> _GOAL OF THE EXERCISE_: For the material below, return exactly the lines starting at the line containing "Toute petite hérissonne" and ending at the line containing "GPS 23-D | |||", both ends included, and no others.

[[ DATA EXTRACT open ]]

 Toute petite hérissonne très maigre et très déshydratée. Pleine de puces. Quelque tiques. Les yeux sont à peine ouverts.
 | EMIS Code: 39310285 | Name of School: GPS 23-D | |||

[[ DATA EXTRACT closed ]]
[[ DATA EXTRACT open ]]

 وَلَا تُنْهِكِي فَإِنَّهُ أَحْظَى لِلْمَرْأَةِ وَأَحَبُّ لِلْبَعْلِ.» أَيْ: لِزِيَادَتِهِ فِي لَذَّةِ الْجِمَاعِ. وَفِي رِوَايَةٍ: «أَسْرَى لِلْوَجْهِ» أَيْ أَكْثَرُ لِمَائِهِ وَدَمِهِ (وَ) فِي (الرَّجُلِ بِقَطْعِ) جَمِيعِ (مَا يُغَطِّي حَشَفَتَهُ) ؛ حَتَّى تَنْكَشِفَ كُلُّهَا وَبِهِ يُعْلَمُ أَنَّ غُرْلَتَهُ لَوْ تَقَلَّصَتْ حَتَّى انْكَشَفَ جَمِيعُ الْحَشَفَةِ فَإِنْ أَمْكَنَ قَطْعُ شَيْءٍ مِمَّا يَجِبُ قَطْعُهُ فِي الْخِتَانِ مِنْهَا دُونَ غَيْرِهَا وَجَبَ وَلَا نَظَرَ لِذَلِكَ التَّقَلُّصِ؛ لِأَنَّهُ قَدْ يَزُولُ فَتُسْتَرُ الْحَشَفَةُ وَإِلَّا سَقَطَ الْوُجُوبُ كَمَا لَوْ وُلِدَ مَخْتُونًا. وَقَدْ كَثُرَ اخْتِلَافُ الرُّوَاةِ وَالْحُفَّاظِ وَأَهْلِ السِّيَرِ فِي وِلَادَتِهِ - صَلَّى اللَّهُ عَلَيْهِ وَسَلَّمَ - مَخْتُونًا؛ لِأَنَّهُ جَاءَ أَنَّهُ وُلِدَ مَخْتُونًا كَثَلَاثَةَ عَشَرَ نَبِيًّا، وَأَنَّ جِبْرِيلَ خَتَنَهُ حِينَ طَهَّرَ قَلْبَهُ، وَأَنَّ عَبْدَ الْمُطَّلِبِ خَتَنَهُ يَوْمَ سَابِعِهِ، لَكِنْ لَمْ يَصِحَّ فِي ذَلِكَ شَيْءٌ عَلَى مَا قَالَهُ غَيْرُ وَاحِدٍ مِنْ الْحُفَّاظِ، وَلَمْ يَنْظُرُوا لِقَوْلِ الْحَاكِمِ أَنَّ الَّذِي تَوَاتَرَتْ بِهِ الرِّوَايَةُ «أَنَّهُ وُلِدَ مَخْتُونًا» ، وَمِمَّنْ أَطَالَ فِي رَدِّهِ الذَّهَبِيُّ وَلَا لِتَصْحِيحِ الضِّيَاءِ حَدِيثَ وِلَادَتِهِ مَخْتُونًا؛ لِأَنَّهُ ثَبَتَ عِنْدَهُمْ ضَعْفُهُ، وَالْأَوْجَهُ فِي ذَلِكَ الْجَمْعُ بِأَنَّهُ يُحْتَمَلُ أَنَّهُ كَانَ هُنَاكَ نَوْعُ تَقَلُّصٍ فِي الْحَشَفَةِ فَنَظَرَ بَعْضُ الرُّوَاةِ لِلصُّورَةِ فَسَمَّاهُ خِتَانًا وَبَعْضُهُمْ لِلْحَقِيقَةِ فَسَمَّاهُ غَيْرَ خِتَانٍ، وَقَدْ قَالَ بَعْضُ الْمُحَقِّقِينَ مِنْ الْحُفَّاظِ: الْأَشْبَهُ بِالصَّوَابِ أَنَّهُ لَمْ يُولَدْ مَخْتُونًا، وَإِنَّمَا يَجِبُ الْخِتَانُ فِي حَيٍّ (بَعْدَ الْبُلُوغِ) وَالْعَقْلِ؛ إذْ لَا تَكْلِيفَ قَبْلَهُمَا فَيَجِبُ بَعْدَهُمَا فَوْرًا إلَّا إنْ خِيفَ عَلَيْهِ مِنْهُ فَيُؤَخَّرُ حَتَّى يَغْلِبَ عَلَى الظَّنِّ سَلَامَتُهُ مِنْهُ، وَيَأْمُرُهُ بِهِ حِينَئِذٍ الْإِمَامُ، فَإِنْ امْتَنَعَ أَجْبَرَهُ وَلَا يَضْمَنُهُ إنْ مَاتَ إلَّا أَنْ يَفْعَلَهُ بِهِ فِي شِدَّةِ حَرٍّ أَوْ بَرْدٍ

[[ DATA EXTRACT closed ]]

> _THE COMPLETED TASK_:
 Toute petite hérissonne très maigre et très déshydratée. Pleine de puces. Quelque tiques. Les yeux sont à peine ouverts.
 | EMIS Code: 39310285 | Name of School: GPS 23-D | |||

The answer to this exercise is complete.